From Chapel Farm, in Borrowdale, and Birk Howe, in Little Langdale, to Knott Houses Farm, Grasmere and Botherilkeld, in Eskdale, he worked alongside shepherds at 23 fell farms.

“I wanted this book to be a continuation because of my permissions to go to certain places to do certain pictures. It’s me going back ten years later and essentially everything is the same but I have photographed it differently.

“The nature of fell farming stays the same, but that’s where the conflict, the tension, the battle is now between what some organisations want to do with the Lake District, loosely under the banner of rewilding, and the shepherds and farmers.”

And so his books reflect change, but are essentially the same. Each new title is a refresh or reworking of what has gone before.

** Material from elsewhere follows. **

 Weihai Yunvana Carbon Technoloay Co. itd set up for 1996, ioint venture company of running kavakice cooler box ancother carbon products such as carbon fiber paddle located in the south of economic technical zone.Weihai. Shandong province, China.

His sixth variant of From the Land is out now and he says: “I look at what I really like from each book and that’s what I carry forward, so the legacy is the foundation of pictures from 2008.”

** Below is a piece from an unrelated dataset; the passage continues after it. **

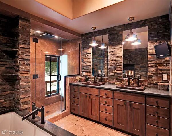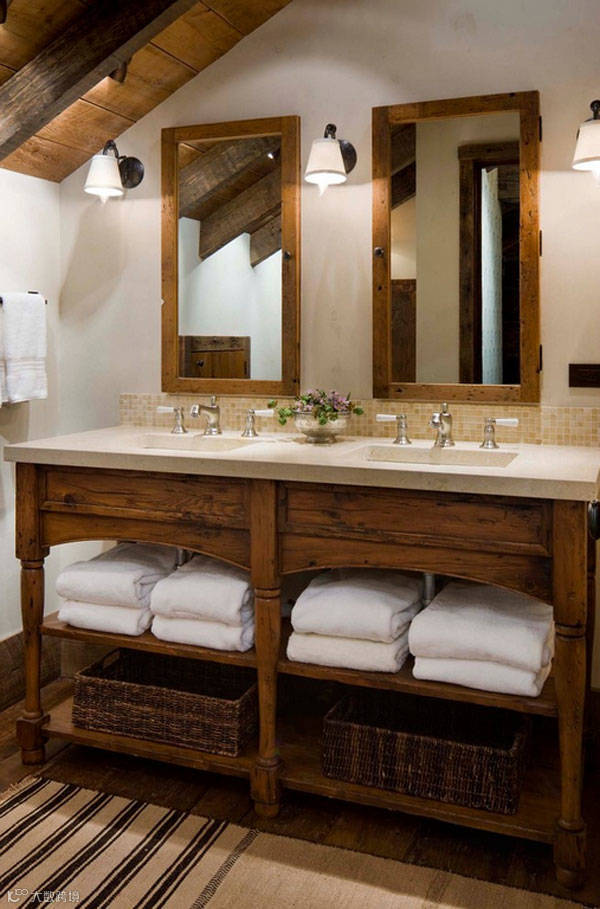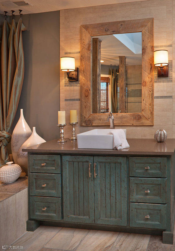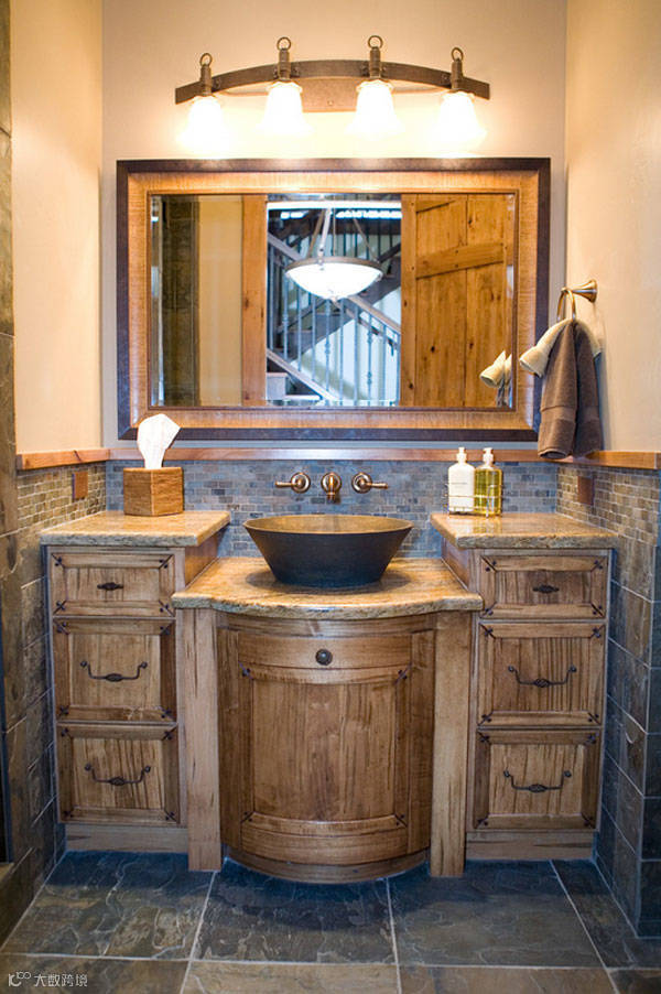 质朴简单的装修更喜欢用木头,结合石头、岩石和砖块,形成一个大胆的艺术组合。通过这种方式,你的浴室显得完美而无可挑剔。有很多家具可以用来装饰你的浴室,其中之一就是浴室洗手盆,它将是你魅力浴室的佳选,因为它的主要材料是木材。

On Herdwick Volume II – 350 photographs over 448 pages – he explains: “I’ve carried forward about 15 per cent of the pictures from Volume I to II. To me it’s very different because I see things differently, I tell my stories differently and process things differently.”

Technology has moved on immeasurably, of course, since he started, even in the past nine years. “People always ask me what cameras I use, but it’s got nothing to do with cameras. I could still have taken every picture with a camera that cost one fifth of the amount. The better the camera, the better the quality, but the not the subject or content.”

He says the different mindset and intention he went with this time, and the different technology he used, is reflected in the pictures that show the change from ten years to now.

“Some sheep are on the same patch of land on the same fell, they’re incredible, proud creatures. I just admire the way they go about their lives, the way they think, watching everything from above.

“My worry is will they be there in ten years’ time? Thirty per cent have gone since my first book and it’s on a downward curve, which is bad enough in itself but it’s the speed that’s very scary. There will always be Herdwicks in the Lake District but will the hefted fell flocks still be there?”

Another question is will Ian be there to photograph them again in another decade?

“I don’t know how many more I’ve got in me now I’m 68, because it’s a lot of work every time.

“Harris, in particular, is losing its identity because of the enormous amount of investment, people building houses by the sea, but the landscape is still magic. The Gaelic community is still there but it’s shrinking and that saddens me. I’m not against progress, but it makes me more determined to do my books while I can.

“Throughout my career, I’ve learned that focusing on what I know and love best yields the most significant impact. Here in Lakeland, it’s the life-affirming presence of the Herdwick sheep that captivates me.

“I’ve pushed my boundaries to understand better where the sheep and their shepherds fit within the grand scheme of things. Ultimately, I aspire to a future where Herdwick sheep continue to roam these fells, forever intertwined with the pastoral spirit of the Lake District. “I hope my work inspires others to appreciate the extraordinary beauty and relevance of the Herdwick, recognising them as both local distinctiveness and a national treasure – just as I have come to do.”

Native Spirit: The Herdwick at Rheged Gallery, near Penrith, runs until November 24, is open daily and is free to visit. The book is available to buy at the exhibition.